Оглоед молча кивнул. И так же молча достал из кармана плотно сложенный лист бумаги, протянул Ангелине.
– Это мне? – спросила она, трясущимися руками расправляя листок и пытаясь сфокусировать взгляд на мелком тексте, заполнявшим страницу.
– Тебе, – донесся до нее голос Юры. – Узнаешь почерк?
– Да. Это писал Константин, – пробормотала она. И окончательно утвердилась в прошлых своих подозрениях: «Он же Денис…»
emm
«Здравствуй, красавица. Как тебе бедуины? Пустыня? Сафари? Экзотика? (Обещаю, теперь тебе ее хватит с избытком.)
И наконец, как тебе я? Здорово изменился за последние годы, не правда ли? Впрочем, это не помешало тебе заподозрить в Денисе своего бывшего мужа… Да, ты правильно догадалась. Денис и Константин – одно и то же лицо. Вернее, как раз лица разные после пластической операции. А вот привычки, как ты верно подметила, те же. Да и все остальное. Даже неуемная жажда мести, которую я все-таки утолил. Признаюсь, я сначала планировал отправить тебя на тот свет. Но пожалел. Или наоборот, решил, что это будет чересчур простым искуплением твоих прошлых грехов. Сдохнешь, и все. У тебя не будет даже достаточно времени поразмыслить над тем, какая же ты продажная тварь. Или испытать то, что довелось испытать мне. Хотя и теперь у тебя не получится в полной мере прочувствовать, что же это такое: вдруг резко переместиться из нормальной спокойной жизни, к которой привык и кроме которой другого существования не представляешь, неизвестно куда, где все тебе незнакомо, все кажется чужим и враждебным. Где приходится подстраиваться под неведомые тебе законы. В моем случае – воровские; в твоем они будут арабскими. Или бедуинскими. Это уж как тебе больше нравится.

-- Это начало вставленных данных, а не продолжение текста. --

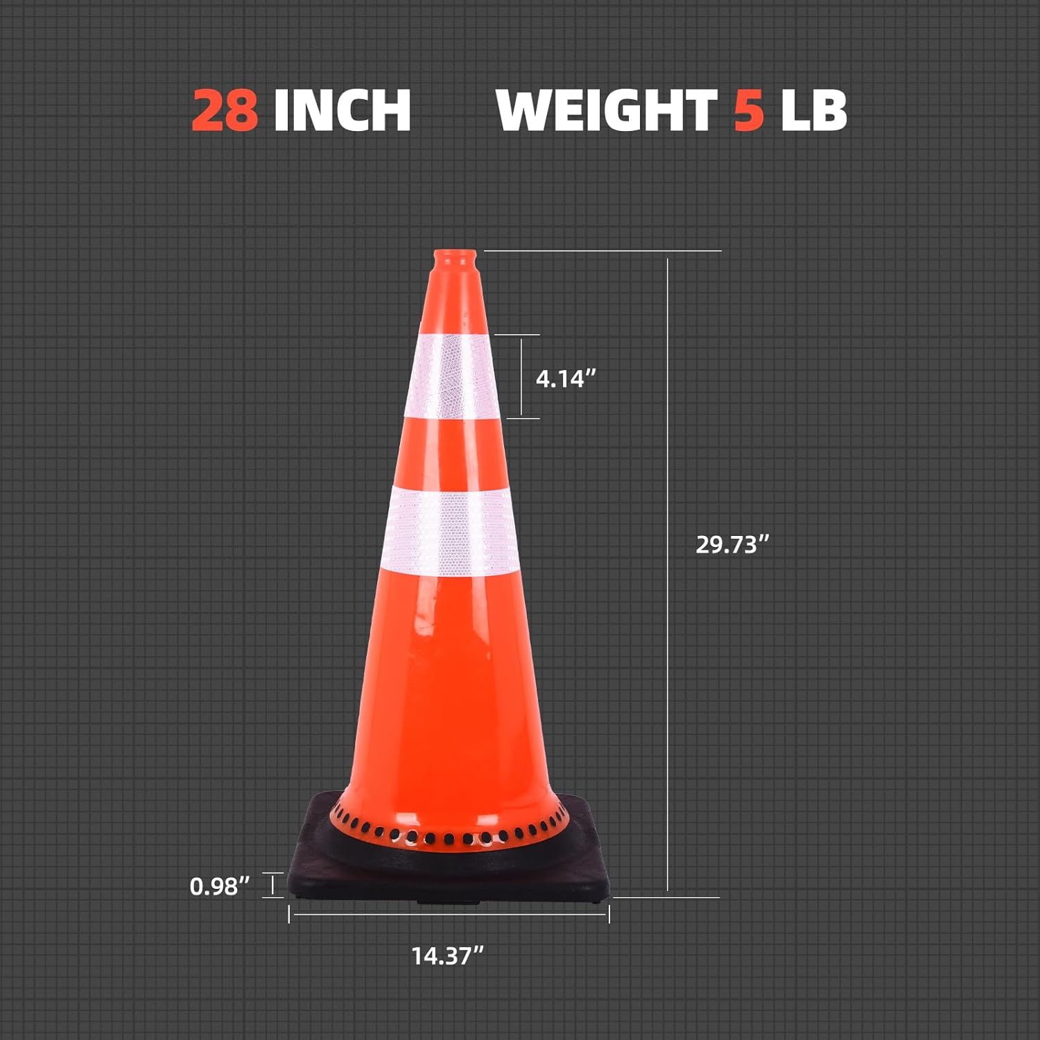 [HIGH-VISIBILITY CONES] Our 28-inch traffic cones come in bright orange with two silver reflective strips to increase safety by clearly marking hazardous areas, allowing the cones to provide a long range warning to vehicles in sunny, rainy, snowy or inclement weather such as nighttime and hail.
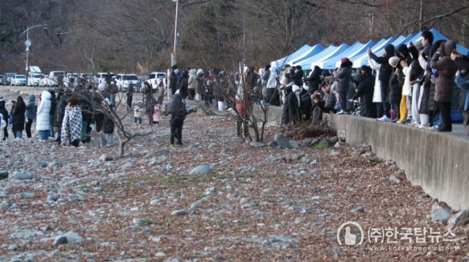 다소 쌀쌀하고 차가운 겨울 날씨 속에서도 떠오르는 새해 첫 해를 바라보며 탄성을 터뜨리는 관광객들과 그 순간을 담으려는 주민들로 물건항 바닷가는 이른 새벽부터 북새통을 이뤘다.
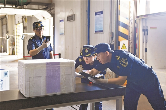 9月8日,长沙海关关员在验核货物信息。
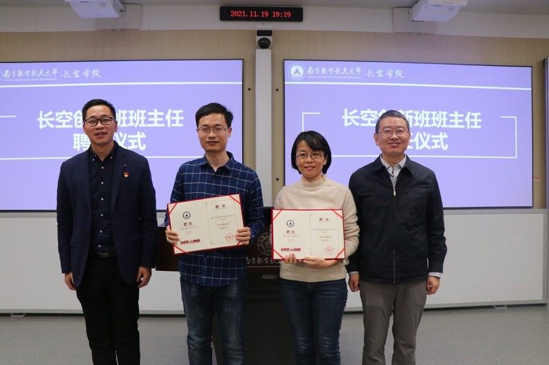 为深入贯彻长空创新班“四化”培养模式,推进五个“百分百”培养特色,同时对低年级学生强化专业引领与价值塑造,awc万象城体育举办长空创新班班主任聘任仪式暨见面交流会,聘请航空学院王婧与理学院王睿作为首批入驻的班主任导师。
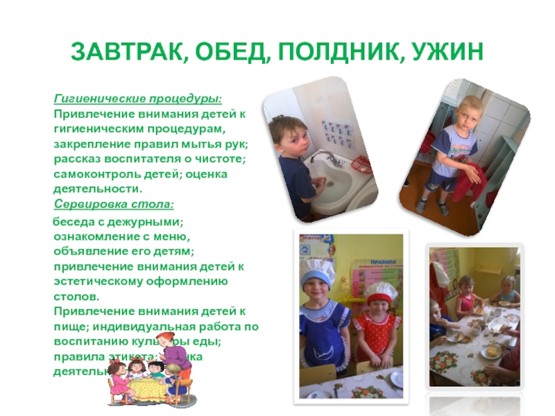 беседа с дежурными; ознакомление с меню, объявление его детям; привлечение внимания детей к эстетическому оформлению столов. Привлечение внимания детей к пище; индивидуальная работа по воспитанию культуры еды; правила этикета; оценка деятельности.
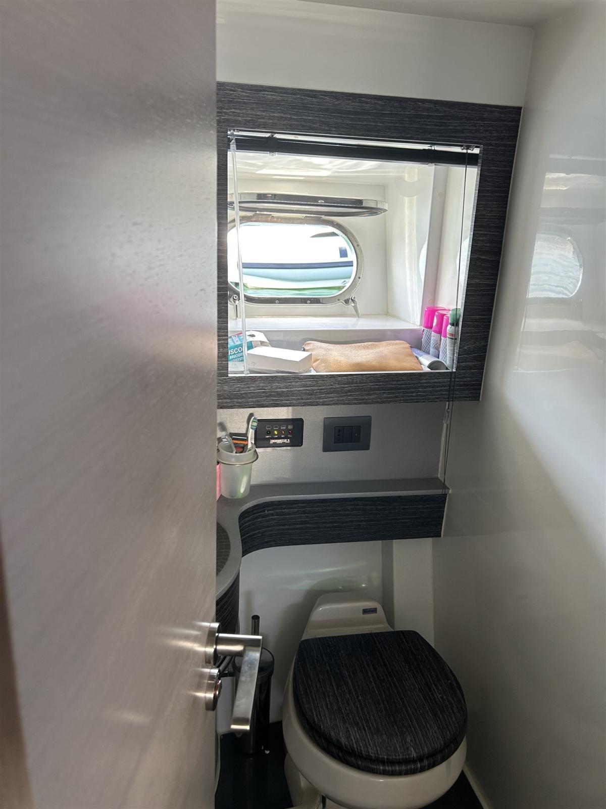 Aria condizionata (doppio ciclo), Boiler, Impianto acque nere, Prese interne 220v, Serbatoio Acque Nere, WC marino elettrico.

Итак, обживайся, девочка. Корми верблюдов и привыкай к новому быту. К новой семье. К другому укладу жизни. А я, глядишь, через годик, если все будет нормально, загляну к тебе в гости, проведаю. Надеюсь, что к тому времени у тебя все будет о'кей.
Кстати, вот, что еще хочу тебе сообщить. Даже не знаю, огорчит тебя это? Или тебе будет на это плевать? А может, даже порадует? Ну, в общем, твой муженек приказал долго жить. Я не стал тебе говорить об этом, когда провожал вас с Оглоедом в Шереметьево. Боялся, испорчу еще таким сообщением Лине весь отпуск. Дай-ка лучше напишу ей об этом в записке. Короче, накануне вашего отлета в Египет мне позвонили из Питера и сообщили, что Леонида нашли на Киевском шоссе недалеко от Александровской. (Кстати, там где живет Хопин. Это не кажется тебе подозрительным?) Он сидел за рулем «пассата» и к тому моменту, как к машине прибыли менты, был мертв уже часа три-четыре. Врачи установили, что скончался он от обширного инсульта. Почувствовал себя плохо, в последний момент успел остановить «пассат» на обочине, и это было последним, что он сделал в своей никчемной жизни. Мир его праху.
Вот на такой печальной ноте и кончаю послание. Удачи тебе, Ангелина. Веди себя хорошо. Слушайся нового мужа. Не дерись с его женами и учись скакать на верблюде. И помни, что жить можно везде. Хоть в колонии, хоть в пустыне. Главное – не то, какие вокруг условия; главное – какой ты человек.
Еще раз удачи.
Целую.
Костя или Денис (это как тебе больше нравится)».